Initial fears that Switzerland’s presentation at the Expo could confuse or alienate Japanese visitors have so far proven unfounded.
An unofficial guide to the exhibition – published ahead of Friday’s opening - awarded Switzerland four out of a possible five stars. Only the US and South Korean pavilions received maximum points.
"This accolade suggests that we are taking the right approach," said Philippe Neeser, Deputy Commissioner-General to the Swiss pavilion.
"So I’m confident that six months from now Switzerland’s contribution to the Expo will be judged to have been a success."

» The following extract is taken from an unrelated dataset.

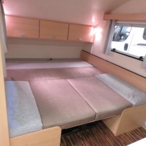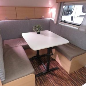 Takana tilava istuinryhmä, joka sijattavissa parivuoteeksi tai erillisvuoteiksi. Edessä keittiö, jossa jääkaappi ja liesi.
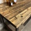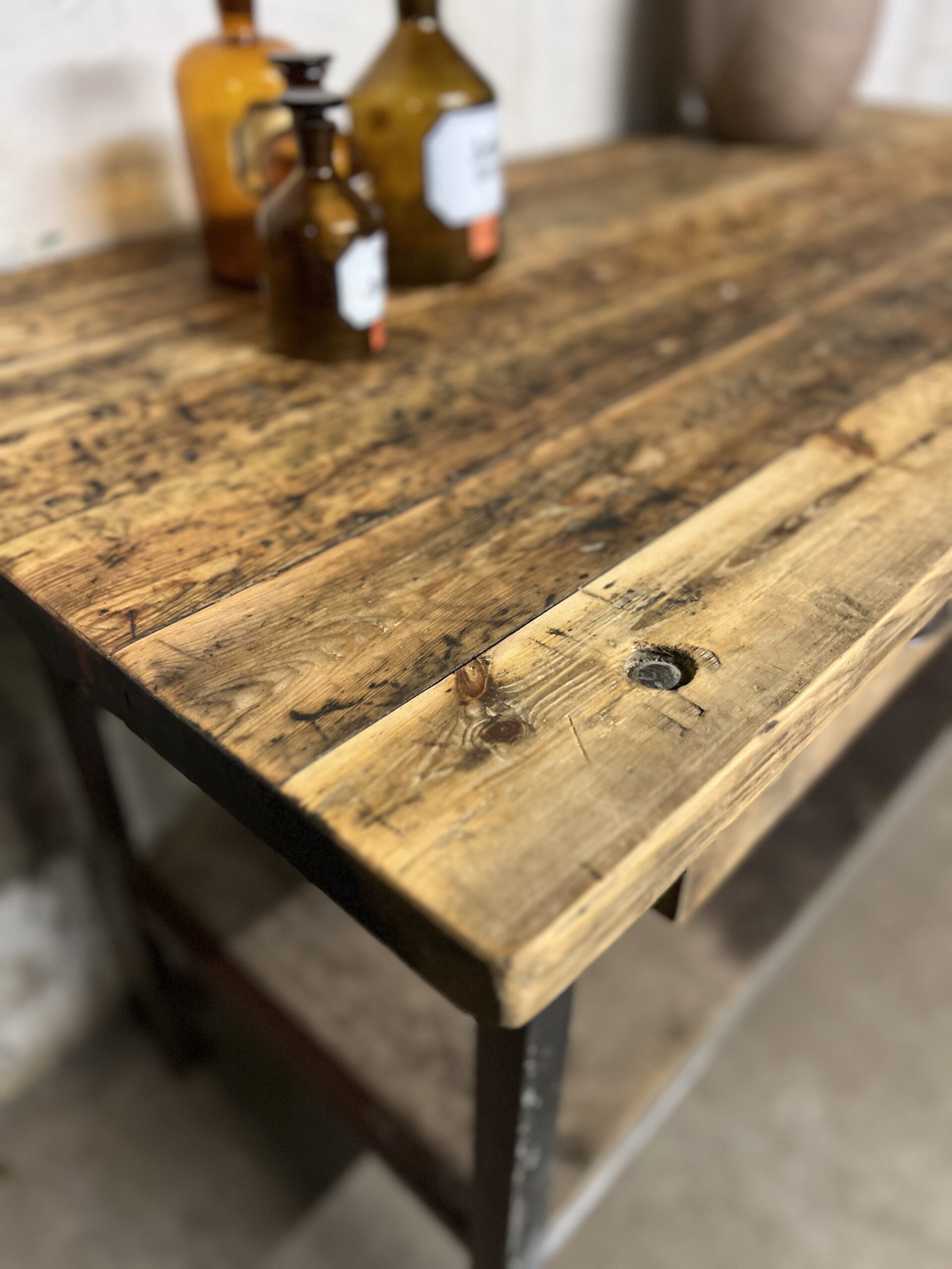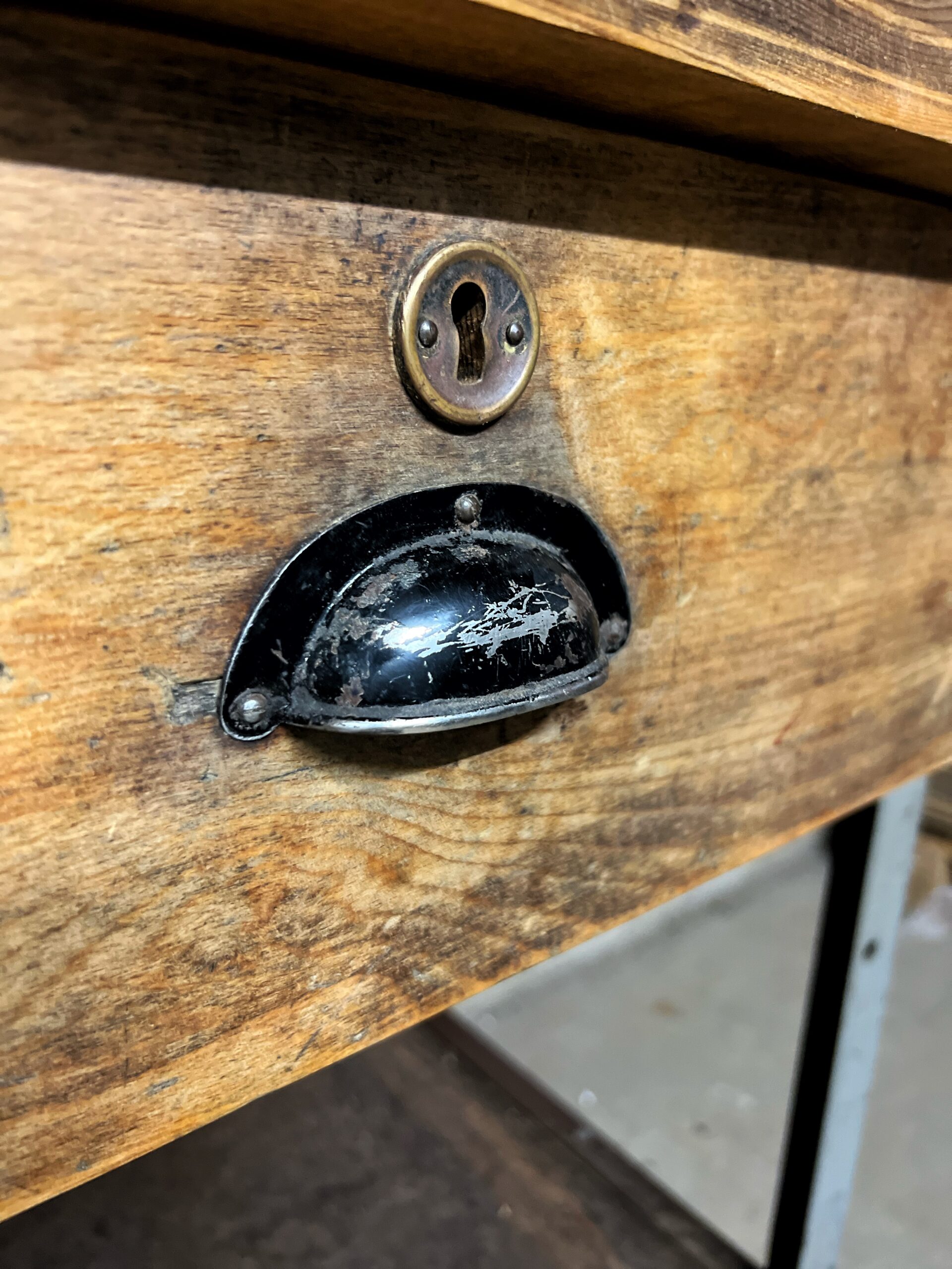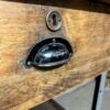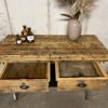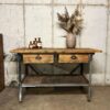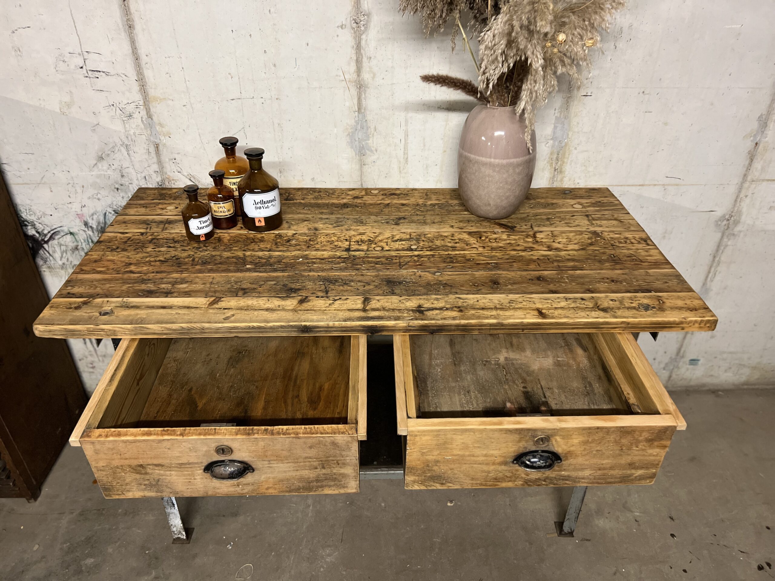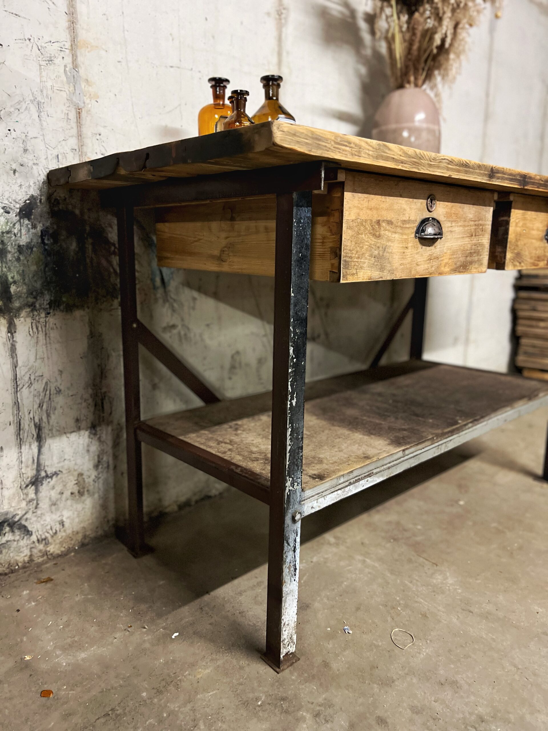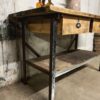 stoere oude werkbank met stalen frame en houten blad met 2 lades en de originele greepjes.

Before that, Switzerland and all other countries present in Japan will have to lure visitors away from what is anticipated to be the star attraction at the Expo: the fully-intact head of a mammoth recently uncovered in the Siberian permafrost.
Scientists believe the frozen remains could yield clues to the mystery of why the animal became extinct 10,000 years ago.
swissinfo, Ramsey Zarifeh in Aichi, Japan
The 2005 World Expo runs for six months from March 25 to September 25.
Switzerland’s pavilion at the global exhibition is called "The Mountain" and was built at a cost of SFr15 million ($12.7 million).
It will operate at a maximum capacity of 800 visitors per hour.
Swiss President Samuel Schmid is expected to visit the Expo site during an official visit to Japan in April.